'''

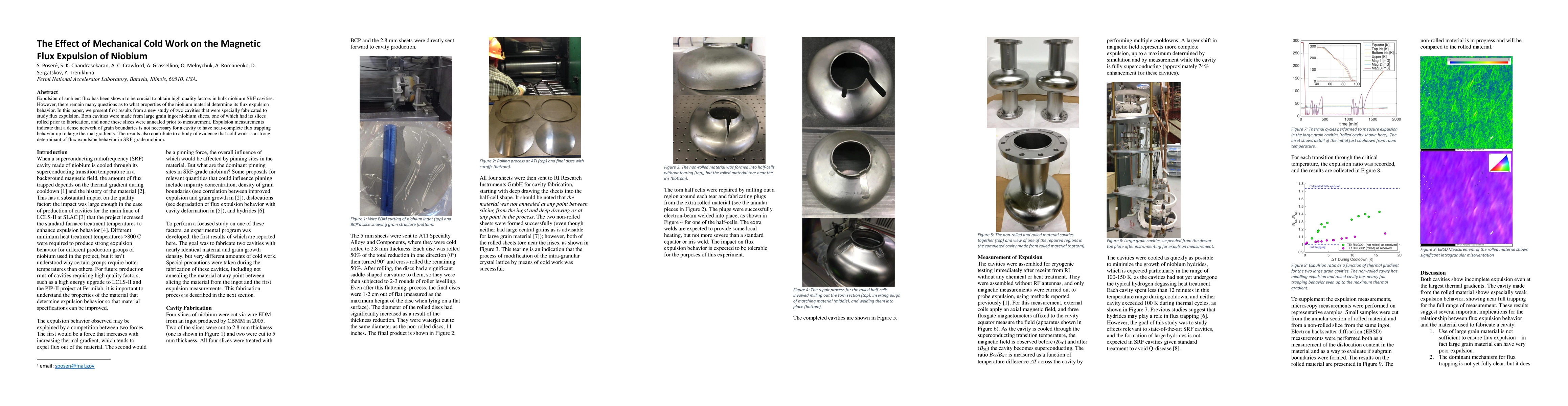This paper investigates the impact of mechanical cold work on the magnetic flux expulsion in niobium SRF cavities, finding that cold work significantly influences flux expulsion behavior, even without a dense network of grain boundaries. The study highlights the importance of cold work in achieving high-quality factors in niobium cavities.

'''
'''

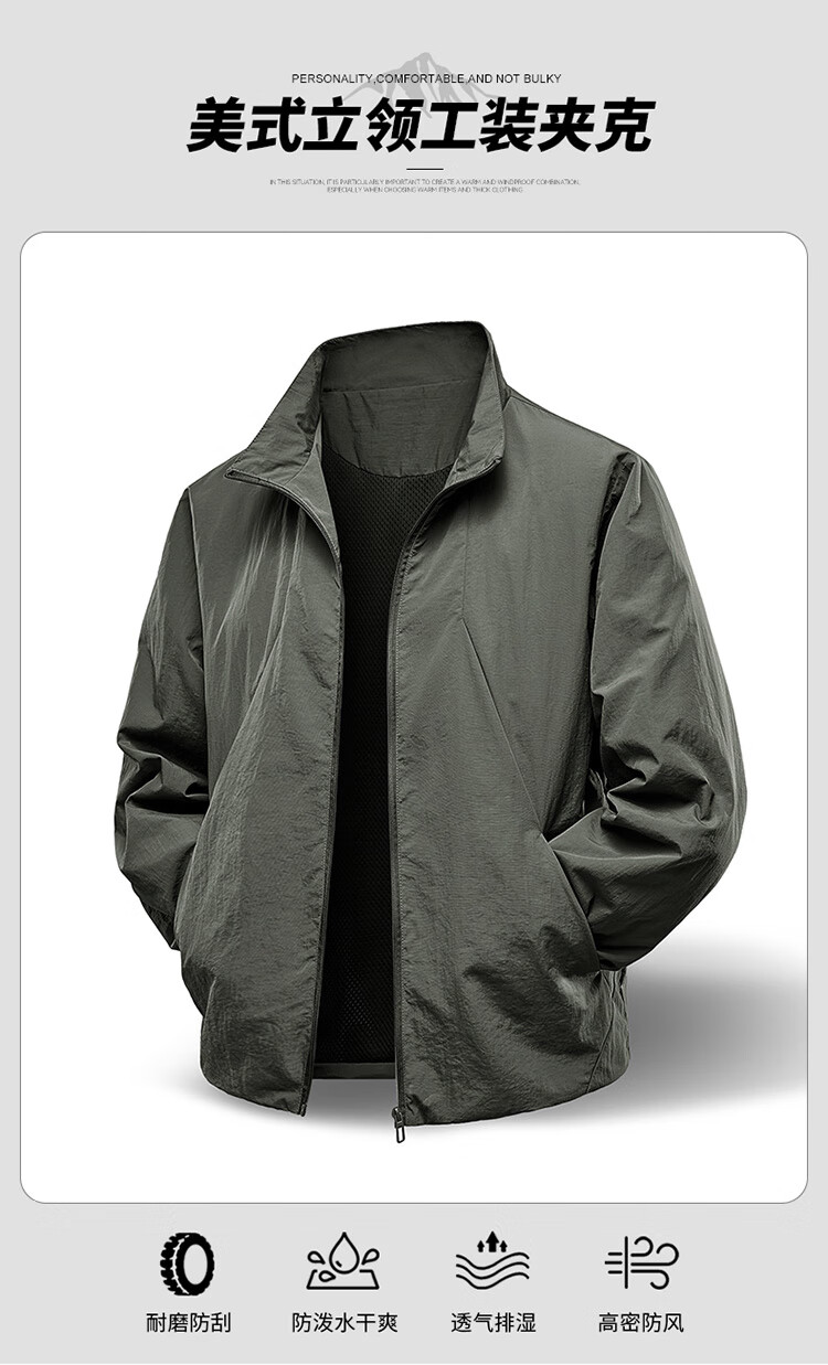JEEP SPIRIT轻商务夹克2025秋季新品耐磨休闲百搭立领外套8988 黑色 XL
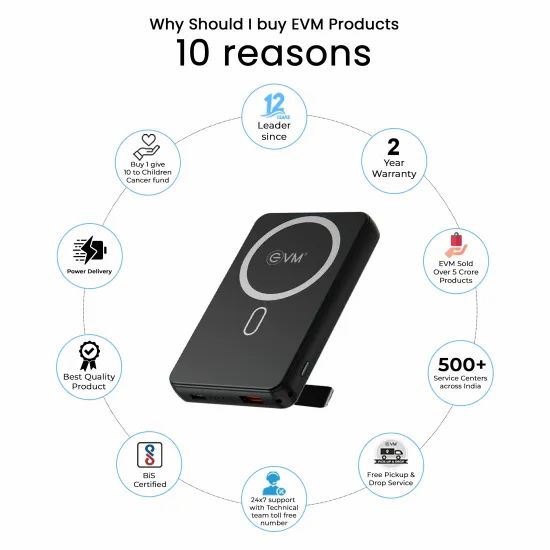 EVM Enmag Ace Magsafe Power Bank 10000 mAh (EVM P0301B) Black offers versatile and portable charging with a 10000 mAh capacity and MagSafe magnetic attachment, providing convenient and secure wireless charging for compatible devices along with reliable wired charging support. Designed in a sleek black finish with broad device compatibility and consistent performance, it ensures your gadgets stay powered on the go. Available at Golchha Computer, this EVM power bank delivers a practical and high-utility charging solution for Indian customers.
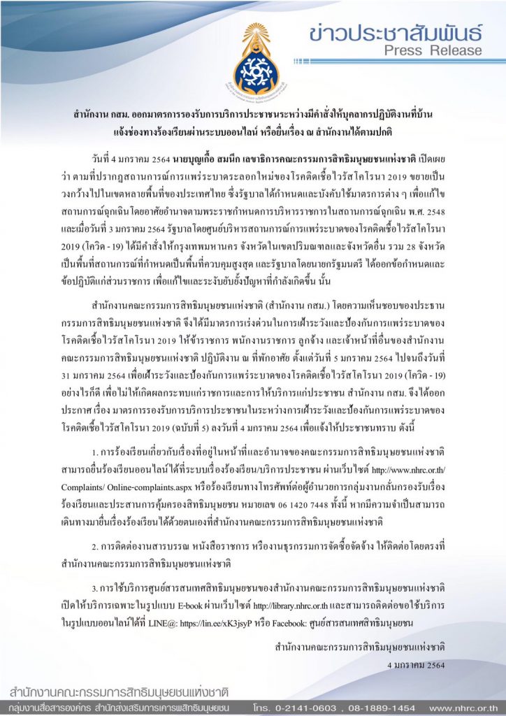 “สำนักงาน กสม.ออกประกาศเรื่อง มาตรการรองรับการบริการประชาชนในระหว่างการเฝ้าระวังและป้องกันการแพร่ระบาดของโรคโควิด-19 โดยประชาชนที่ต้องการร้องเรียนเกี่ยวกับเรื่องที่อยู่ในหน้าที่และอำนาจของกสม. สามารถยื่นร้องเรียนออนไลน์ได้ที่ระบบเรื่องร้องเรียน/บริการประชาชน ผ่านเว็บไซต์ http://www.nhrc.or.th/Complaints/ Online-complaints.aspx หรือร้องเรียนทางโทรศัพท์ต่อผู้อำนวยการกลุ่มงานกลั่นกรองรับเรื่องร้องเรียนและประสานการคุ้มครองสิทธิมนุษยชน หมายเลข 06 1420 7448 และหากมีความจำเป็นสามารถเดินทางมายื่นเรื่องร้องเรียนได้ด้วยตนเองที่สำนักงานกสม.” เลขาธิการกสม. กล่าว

'''

**Your objective:** Repeat exactly, and only, the entries from the line with "EVM Enmag Ace" through the line with "หมายเลข 06 1420". Pictures are skipped.

**Response to this task:**
 EVM Enmag Ace Magsafe Power Bank 10000 mAh (EVM P0301B) Black offers versatile and portable charging with a 10000 mAh capacity and MagSafe magnetic attachment, providing convenient and secure wireless charging for compatible devices along with reliable wired charging support. Designed in a sleek black finish with broad device compatibility and consistent performance, it ensures your gadgets stay powered on the go. Available at Golchha Computer, this EVM power bank delivers a practical and high-utility charging solution for Indian customers.
 “สำนักงาน กสม.ออกประกาศเรื่อง มาตรการรองรับการบริการประชาชนในระหว่างการเฝ้าระวังและป้องกันการแพร่ระบาดของโรคโควิด-19 โดยประชาชนที่ต้องการร้องเรียนเกี่ยวกับเรื่องที่อยู่ในหน้าที่และอำนาจของกสม. สามารถยื่นร้องเรียนออนไลน์ได้ที่ระบบเรื่องร้องเรียน/บริการประชาชน ผ่านเว็บไซต์ http://www.nhrc.or.th/Complaints/ Online-complaints.aspx หรือร้องเรียนทางโทรศัพท์ต่อผู้อำนวยการกลุ่มงานกลั่นกรองรับเรื่องร้องเรียนและประสานการคุ้มครองสิทธิมนุษยชน หมายเลข 06 1420 7448 และหากมีความจำเป็นสามารถเดินทางมายื่นเรื่องร้องเรียนได้ด้วยตนเองที่สำนักงานกสม.” เลขาธิการกสม. กล่าว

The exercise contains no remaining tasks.